Welcome to the first notebook in our series on image classification with FiftyOne and PyTorch!

In this step, we will load the classic MNIST dataset from the FiftyOne Dataset Zoo, explore its structure, and compute and visualize its metadata. This initial exploration is crucial for understanding the data we'll be working with in the subsequent steps.

**Key concepts covered:**
*   Loading datasets from the FiftyOne Dataset Zoo
*   Computing image metadata (size, width, height)
*   Using FiftyOne aggregations for data statistics
*   Visualizing dataset distributions in the FiftyOne App

## Installation

First, let's install the required packages.

In [1]:
# Remove > /dev/null if you encounter errors during installation
!pip install fiftyone torch torchvision numpy albumentations > /dev/null

## Imports

In [3]:
import os

# Set environment variables for reproducibility BEFORE importing torch
os.environ['PYTHONHASHSEED'] = '51'
os.environ['CUBLAS_WORKSPACE_CONFIG'] = ':4096:8'

from PIL import Image
import numpy as np
import torch
import torch.nn as nn
import torch.nn.functional as Fun
import torchvision.transforms.v2 as transforms
import fiftyone as fo
import fiftyone.zoo as foz
import fiftyone.brain as fob
from torch.utils.data import Dataset, ConcatDataset
from fiftyone import ViewField as F
import fiftyone.utils.random as four
from tqdm import tqdm
from torch.optim import Adam
from pathlib import Path
import matplotlib.pyplot as plt
import gc
import albumentations as A
import cv2
import random
from typing import Optional, Dict, Tuple, Any

### Loading the MNIST Dataset from FiftyOne's Dataset Zoo

A FiftyOne dataset wraps together annotations and image data into a unified, queryable structure. Unlike traditional approaches where you manage separate files for images and labels, FiftyOne treats each sample as a rich object containing the image, ground truth labels, metadata, and any predictions or embeddings you add later.
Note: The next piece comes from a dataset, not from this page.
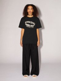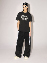 Made from 100% cotton, the short-sleeved, black t-shirt is detailed with a white revolving AMBUSH® logo graphic print at the front. Product ID: BWAA037S23JER0011004 MATERIAL FABRIC 100% COTTON

Loading MNIST from the [FiftyOne Dataset Zoo](https://docs.voxel51.com/dataset_zoo/index.html) is straightforward. We'll start by loading the test split.

In [4]:
# We will load the test split from the dataset first
test_dataset = foz.load_zoo_dataset("mnist", split='test', dataset_name="mnist-test-set", persistent=True)
test_dataset

Downloading split 'test' to '/root/fiftyone/mnist/test'


INFO:fiftyone.zoo.datasets:Downloading split 'test' to '/root/fiftyone/mnist/test'
100%|██████████| 9.91M/9.91M [00:00<00:00, 55.9MB/s]
100%|██████████| 28.9k/28.9k [00:00<00:00, 1.72MB/s]
100%|██████████| 1.65M/1.65M [00:00<00:00, 12.7MB/s]
100%|██████████| 4.54k/4.54k [00:00<00:00, 3.10MB/s]

   1% |/------------|   143/10000 [105.4ms elapsed, 7.3s remaining, 1.4K samples/s] 
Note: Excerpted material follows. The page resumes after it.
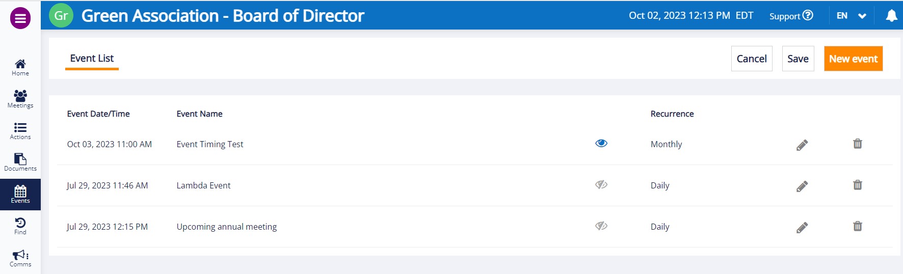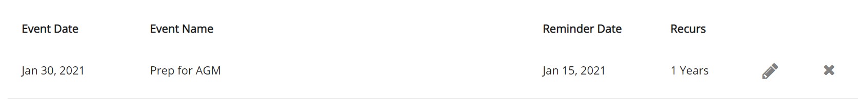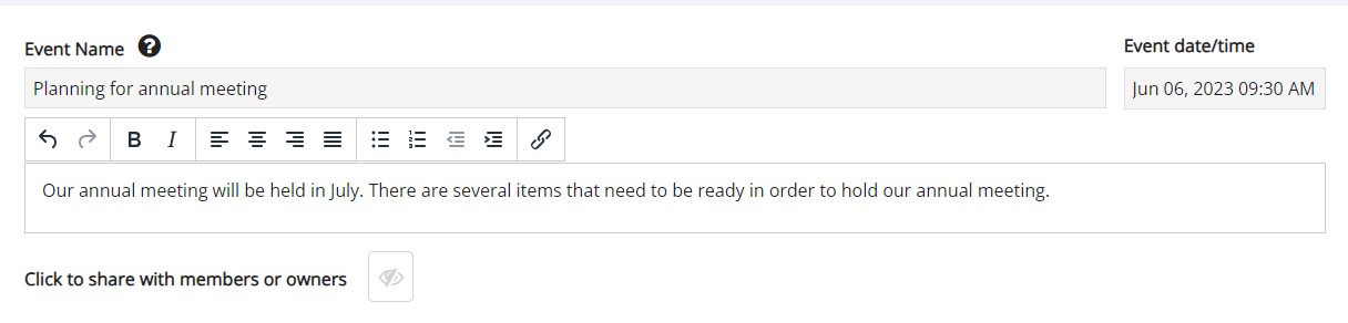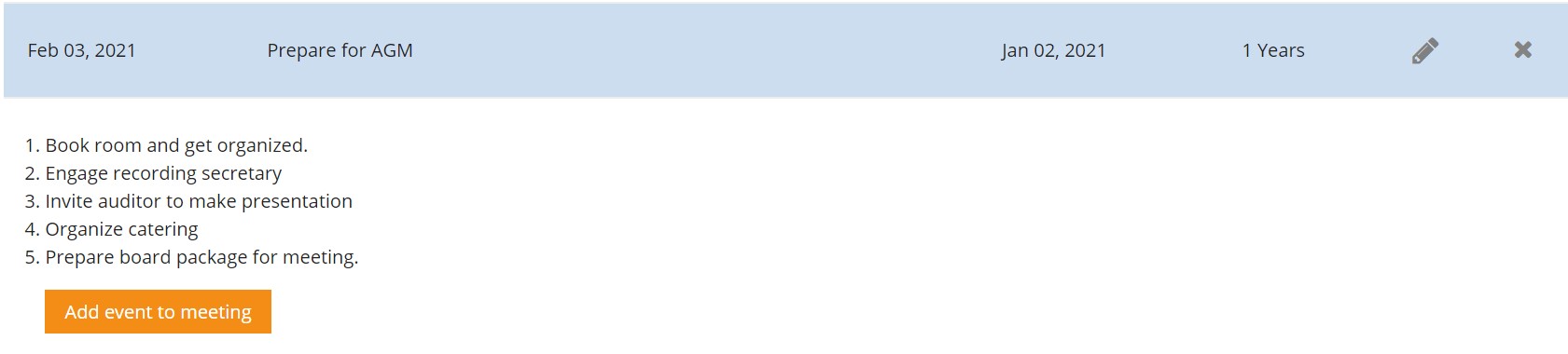 Examples of events include contract renewals, annual meeting preparation, preparation of budgets, and any event or activity of importance to the board.

 100% |█████████████| 10000/10000 [4.6s elapsed, 0s remaining, 2.1K samples/s]      


INFO:eta.core.utils: 100% |█████████████| 10000/10000 [4.6s elapsed, 0s remaining, 2.1K samples/s]      


Dataset info written to '/root/fiftyone/mnist/info.json'


INFO:fiftyone.zoo.datasets:Dataset info written to '/root/fiftyone/mnist/info.json'


Loading 'mnist' split 'test'


INFO:fiftyone.zoo.datasets:Loading 'mnist' split 'test'


 100% |█████████████| 10000/10000 [7.1s elapsed, 0s remaining, 1.6K samples/s]      


INFO:eta.core.utils: 100% |█████████████| 10000/10000 [7.1s elapsed, 0s remaining, 1.6K samples/s]      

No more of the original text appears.